- Opening Delimiter -
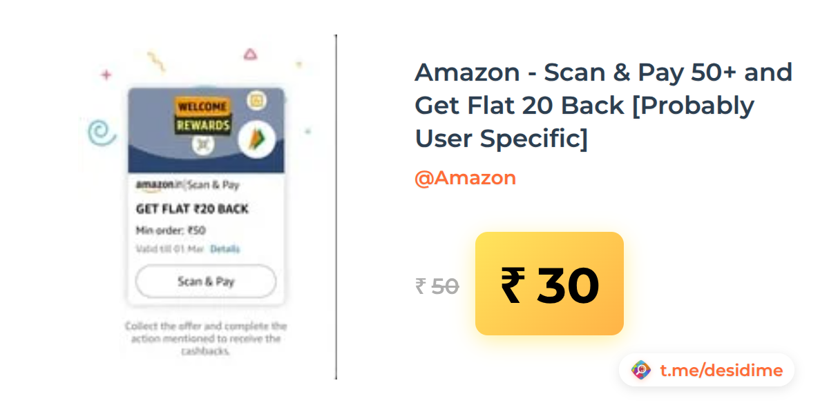 40% off on - Amazon - Scan & Pay 50+ and Get Flat 20 Back [Probably User Specific] - Rs. 30
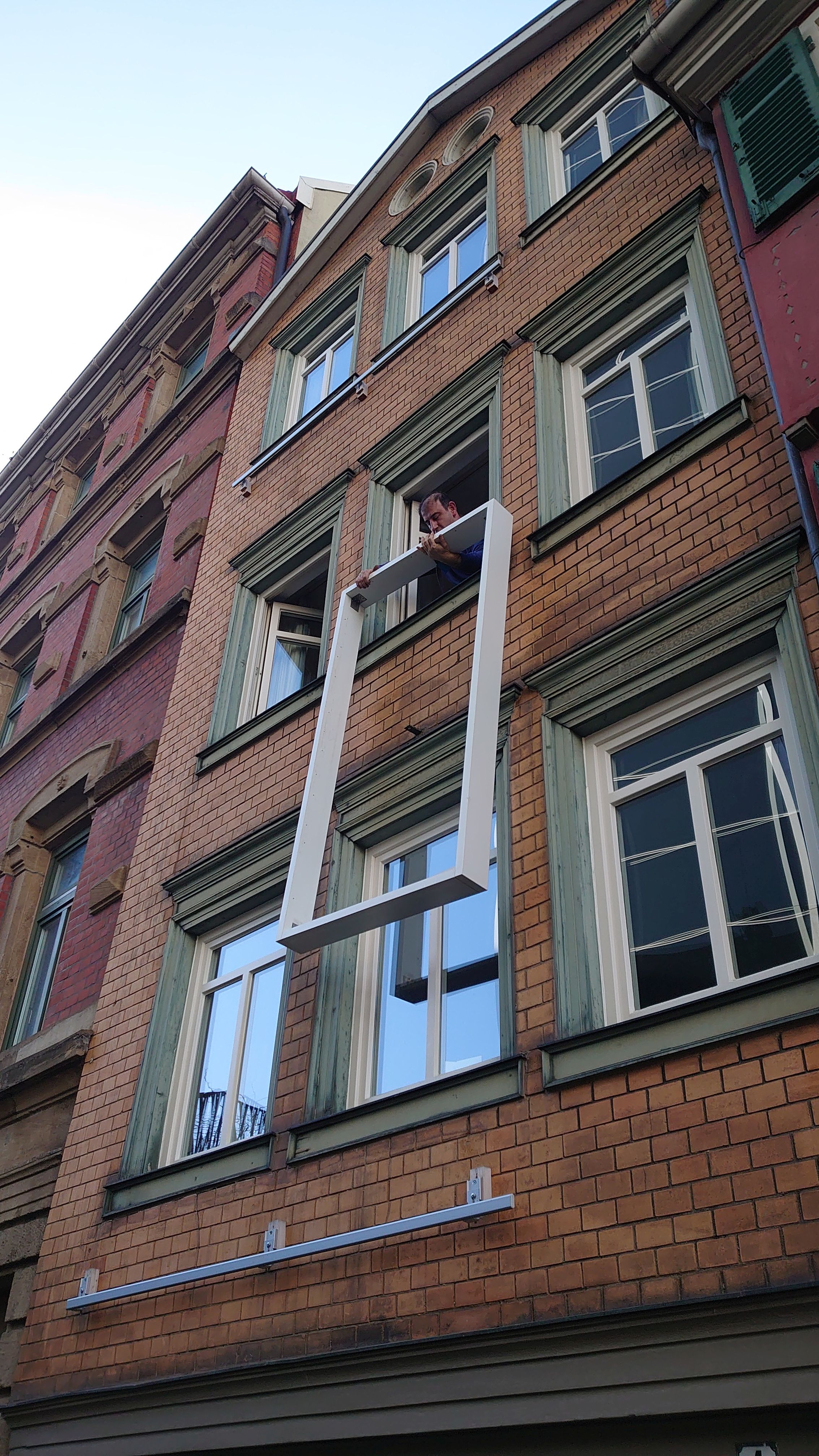 Die Hoffnung, die Bettteile durchs Treppenhaus tragen zu können, erfüllte sich leider nicht, aber so schnell gaben wir nicht auf: Kräftige Gurte wurden um die einzelnen Teile geschlungen und diese kurzerhand durchs Fenster nach unten abgeseilt. Wie schon in der Vergangenheit erfordern die räumlichen Bedingungen im Haus – es handelt sich ja um eine ehemalige Schusterwerkstatt aus dem 17. Jahrhundert – auch besondere Maßnahmen.
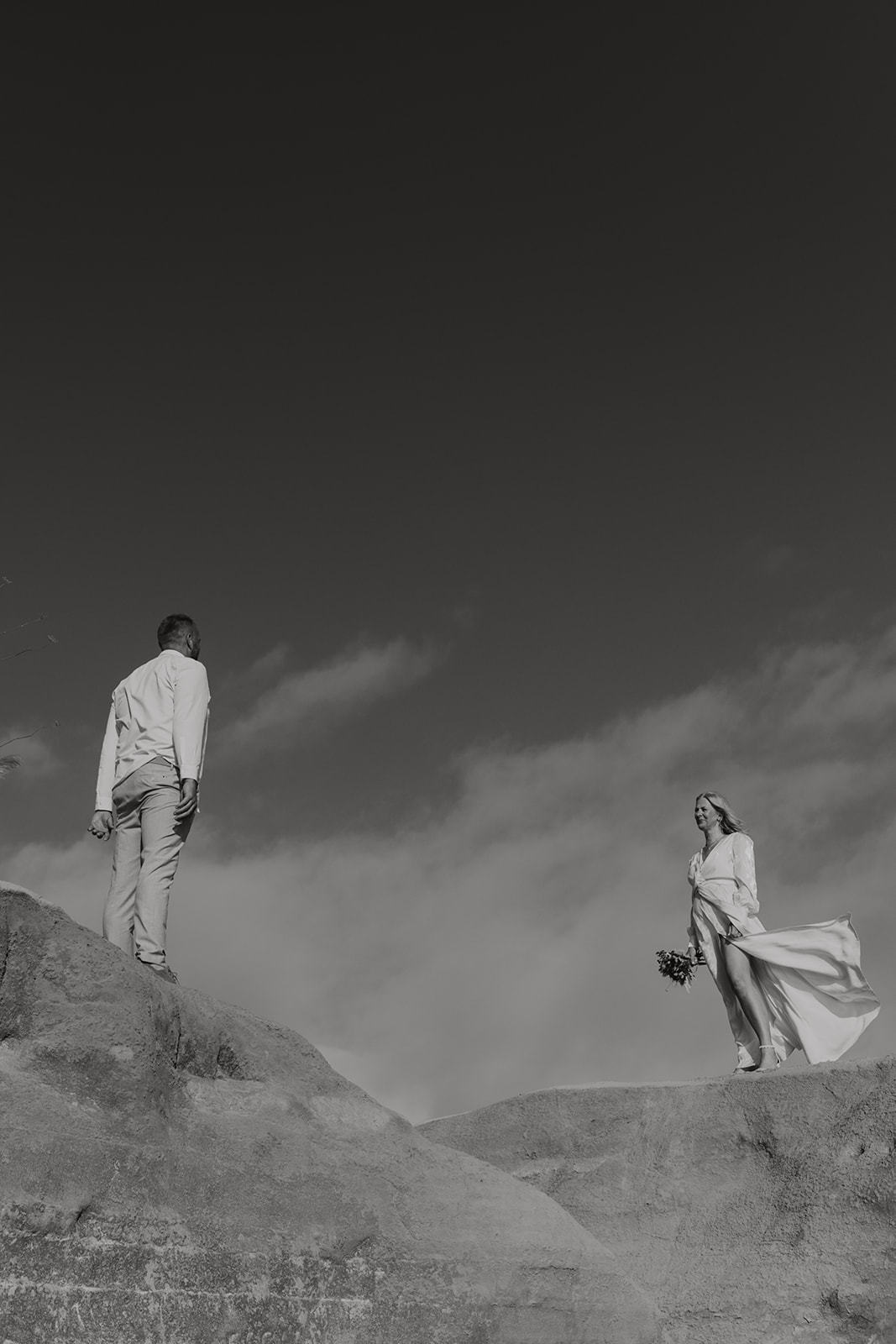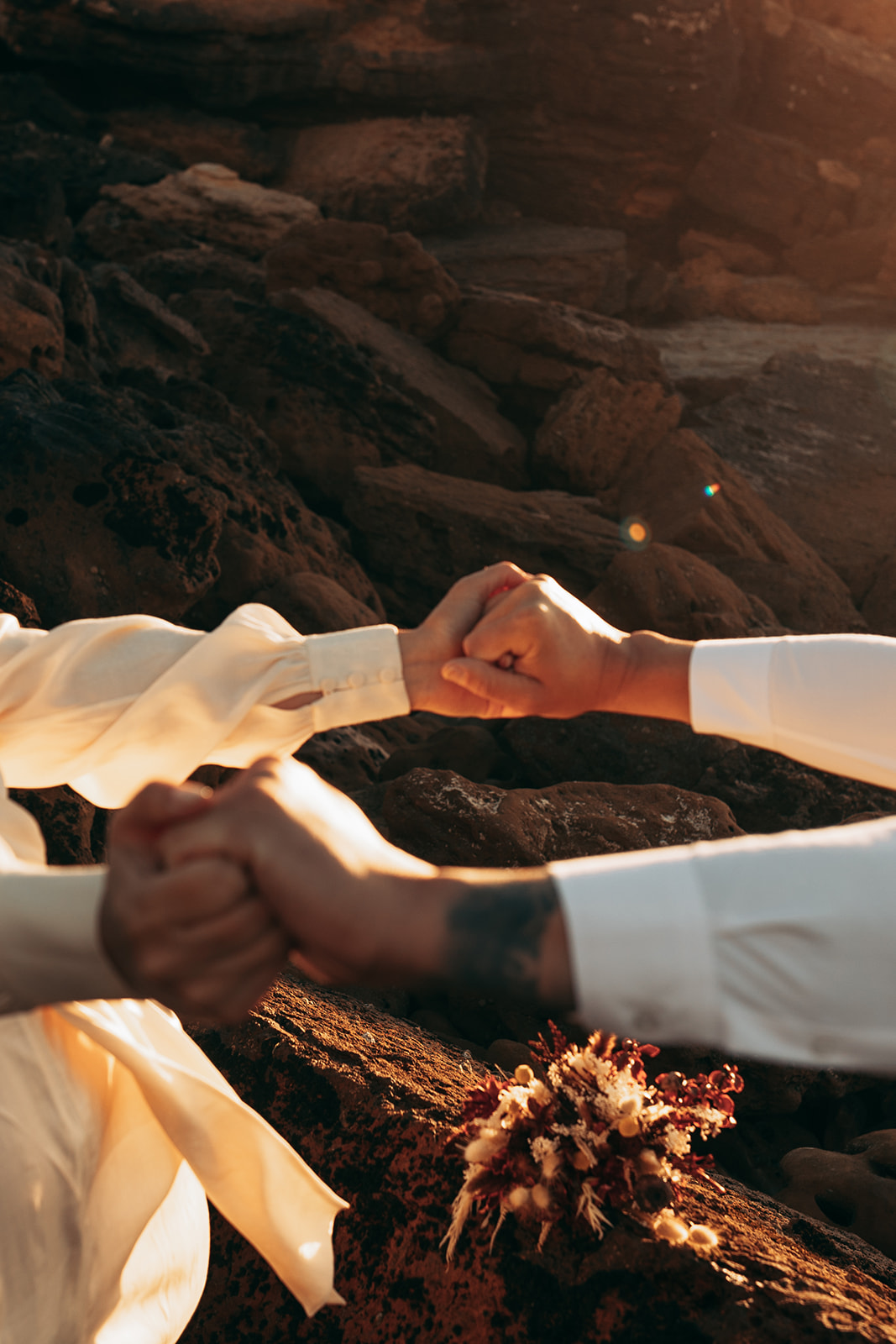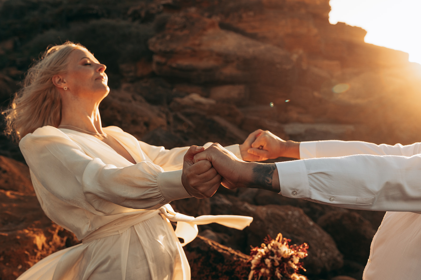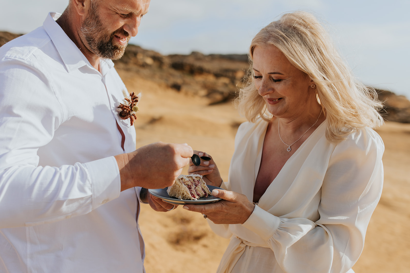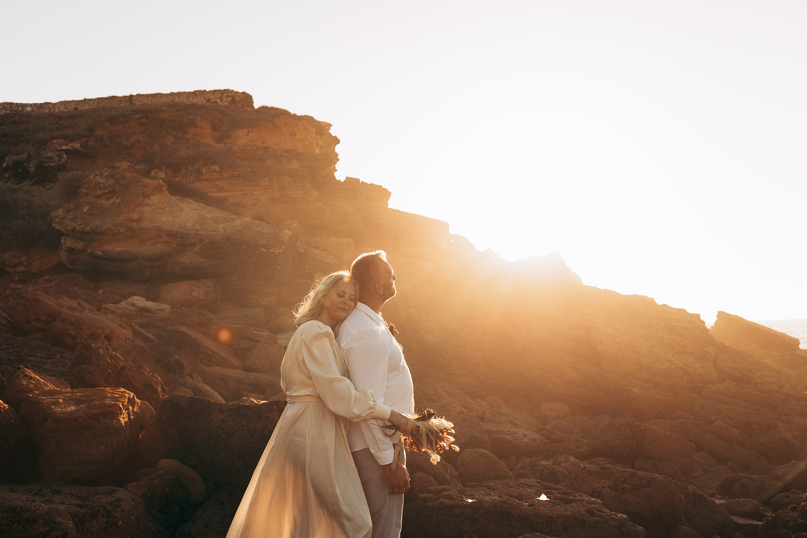 After saying “I do,” they celebrated with champagne and cake—just enough to share with the photographer and wedding planner who witnessed their moment. As the sun slowly dipped into the horizon, the cliffs turned warm and golden, creating a backdrop so breathtaking that every photograph felt frame-worthy.
- Closing Delimiter -
◆ What you should do
Could you repeat each line above exactly as written? Omit the pictures.

◆ Answer box
 40% off on - Amazon - Scan & Pay 50+ and Get Flat 20 Back [Probably User Specific] - Rs. 30
 Die Hoffnung, die Bettteile durchs Treppenhaus tragen zu können, erfüllte sich leider nicht, aber so schnell gaben wir nicht auf: Kräftige Gurte wurden um die einzelnen Teile geschlungen und diese kurzerhand durchs Fenster nach unten abgeseilt. Wie schon in der Vergangenheit erfordern die räumlichen Bedingungen im Haus – es handelt sich ja um eine ehemalige Schusterwerkstatt aus dem 17. Jahrhundert – auch besondere Maßnahmen.
 After saying “I do,” they celebrated with champagne and cake—just enough to share with the photographer and wedding planner who witnessed their moment. As the sun slowly dipped into the horizon, the cliffs turned warm and golden, creating a backdrop so breathtaking that every photograph felt frame-worthy.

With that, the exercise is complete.